| The task |
Print out the data exactly, keeping every image out of it.

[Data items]
<<<<

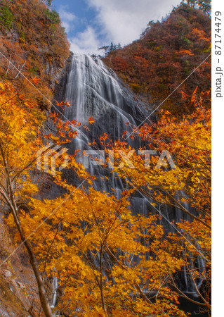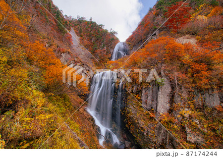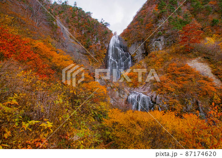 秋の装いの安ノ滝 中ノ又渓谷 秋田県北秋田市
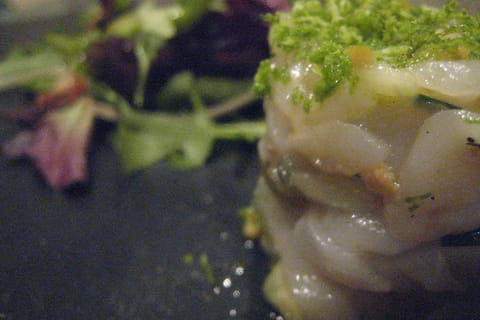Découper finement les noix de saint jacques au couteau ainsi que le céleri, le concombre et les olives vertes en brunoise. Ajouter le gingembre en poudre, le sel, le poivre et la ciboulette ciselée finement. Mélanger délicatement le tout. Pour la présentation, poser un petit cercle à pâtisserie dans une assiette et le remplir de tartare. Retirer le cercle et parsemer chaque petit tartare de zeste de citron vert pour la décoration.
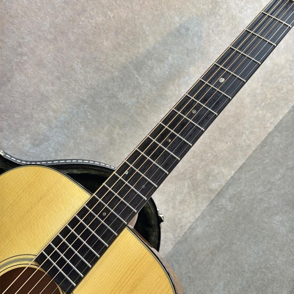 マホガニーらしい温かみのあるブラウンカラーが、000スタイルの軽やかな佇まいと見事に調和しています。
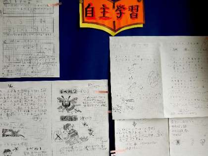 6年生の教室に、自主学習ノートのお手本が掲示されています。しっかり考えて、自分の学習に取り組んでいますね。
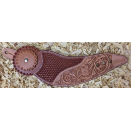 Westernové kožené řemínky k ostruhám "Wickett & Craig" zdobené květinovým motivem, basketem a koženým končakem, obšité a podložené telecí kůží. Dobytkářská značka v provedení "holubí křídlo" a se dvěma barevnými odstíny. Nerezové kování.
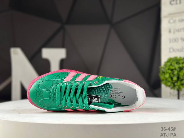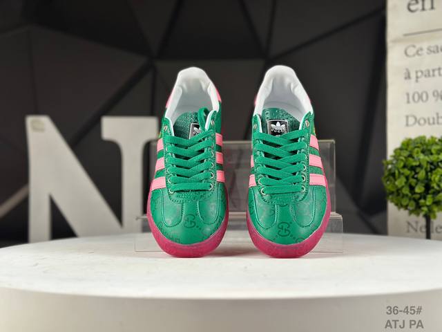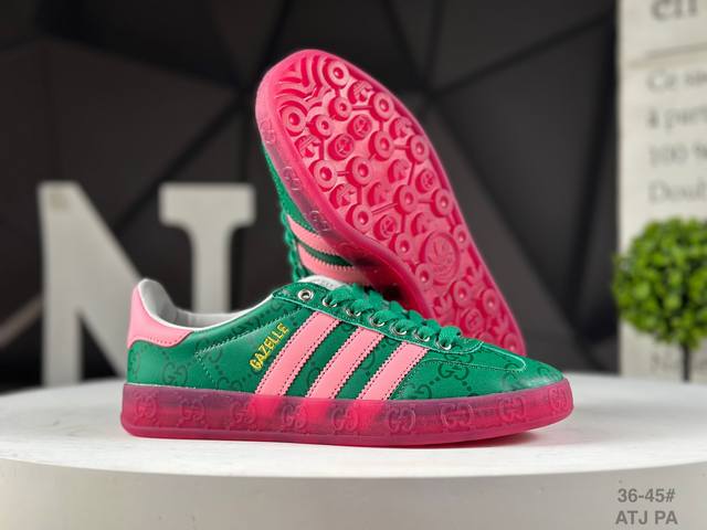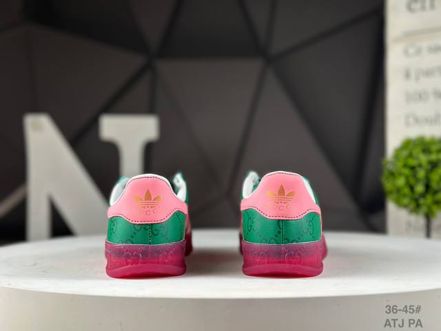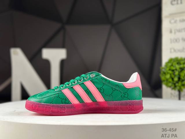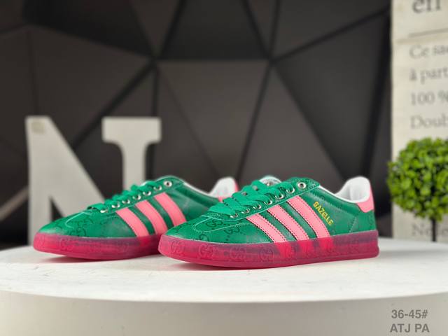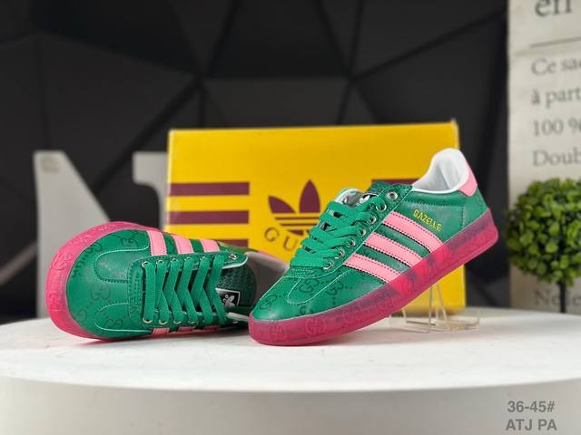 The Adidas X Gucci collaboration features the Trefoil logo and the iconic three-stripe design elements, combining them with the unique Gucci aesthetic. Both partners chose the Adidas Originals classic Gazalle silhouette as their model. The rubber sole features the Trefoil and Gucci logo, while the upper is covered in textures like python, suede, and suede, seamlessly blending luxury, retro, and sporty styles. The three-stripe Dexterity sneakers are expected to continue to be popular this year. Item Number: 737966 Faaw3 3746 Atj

>>>>

| Task solution |
 秋の装いの安ノ滝 中ノ又渓谷 秋田県北秋田市
Découper finement les noix de saint jacques au couteau ainsi que le céleri, le concombre et les olives vertes en brunoise. Ajouter le gingembre en poudre, le sel, le poivre et la ciboulette ciselée finement. Mélanger délicatement le tout. Pour la présentation, poser un petit cercle à pâtisserie dans une assiette et le remplir de tartare. Retirer le cercle et parsemer chaque petit tartare de zeste de citron vert pour la décoration.
 マホガニーらしい温かみのあるブラウンカラーが、000スタイルの軽やかな佇まいと見事に調和しています。
 6年生の教室に、自主学習ノートのお手本が掲示されています。しっかり考えて、自分の学習に取り組んでいますね。
 Westernové kožené řemínky k ostruhám "Wickett & Craig" zdobené květinovým motivem, basketem a koženým končakem, obšité a podložené telecí kůží. Dobytkářská značka v provedení "holubí křídlo" a se dvěma barevnými odstíny. Nerezové kování.
 The Adidas X Gucci collaboration features the Trefoil logo and the iconic three-stripe design elements, combining them with the unique Gucci aesthetic. Both partners chose the Adidas Originals classic Gazalle silhouette as their model. The rubber sole features the Trefoil and Gucci logo, while the upper is covered in textures like python, suede, and suede, seamlessly blending luxury, retro, and sporty styles. The three-stripe Dexterity sneakers are expected to continue to be popular this year. Item Number: 737966 Faaw3 3746 Atj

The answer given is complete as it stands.